§ **Records for the task**
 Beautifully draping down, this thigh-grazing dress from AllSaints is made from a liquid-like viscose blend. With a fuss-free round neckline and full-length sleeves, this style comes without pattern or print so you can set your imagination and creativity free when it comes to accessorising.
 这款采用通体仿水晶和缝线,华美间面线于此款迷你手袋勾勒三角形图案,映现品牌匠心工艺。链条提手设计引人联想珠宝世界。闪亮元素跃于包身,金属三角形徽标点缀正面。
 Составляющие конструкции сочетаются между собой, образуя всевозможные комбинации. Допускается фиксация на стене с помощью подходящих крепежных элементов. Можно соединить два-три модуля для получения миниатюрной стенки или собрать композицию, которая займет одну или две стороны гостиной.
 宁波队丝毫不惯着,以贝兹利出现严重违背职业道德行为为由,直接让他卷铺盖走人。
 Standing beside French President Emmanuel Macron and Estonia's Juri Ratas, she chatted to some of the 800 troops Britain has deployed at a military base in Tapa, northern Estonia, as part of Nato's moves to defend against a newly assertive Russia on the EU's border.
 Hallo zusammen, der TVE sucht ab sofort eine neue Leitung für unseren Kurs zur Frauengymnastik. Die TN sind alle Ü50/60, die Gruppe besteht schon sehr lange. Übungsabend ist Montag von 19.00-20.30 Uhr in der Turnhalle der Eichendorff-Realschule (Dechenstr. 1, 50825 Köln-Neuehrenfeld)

§ **What you have to do**
The required output is the set of lines from the first line of the data through the line that contains "Standing beside French", transcribed exactly.

§ **Answer for the task**
 Beautifully draping down, this thigh-grazing dress from AllSaints is made from a liquid-like viscose blend. With a fuss-free round neckline and full-length sleeves, this style comes without pattern or print so you can set your imagination and creativity free when it comes to accessorising.
 这款采用通体仿水晶和缝线,华美间面线于此款迷你手袋勾勒三角形图案,映现品牌匠心工艺。链条提手设计引人联想珠宝世界。闪亮元素跃于包身,金属三角形徽标点缀正面。
 Составляющие конструкции сочетаются между собой, образуя всевозможные комбинации. Допускается фиксация на стене с помощью подходящих крепежных элементов. Можно соединить два-три модуля для получения миниатюрной стенки или собрать композицию, которая займет одну или две стороны гостиной.
 宁波队丝毫不惯着,以贝兹利出现严重违背职业道德行为为由,直接让他卷铺盖走人。
 Standing beside French President Emmanuel Macron and Estonia's Juri Ratas, she chatted to some of the 800 troops Britain has deployed at a military base in Tapa, northern Estonia, as part of Nato's moves to defend against a newly assertive Russia on the EU's border.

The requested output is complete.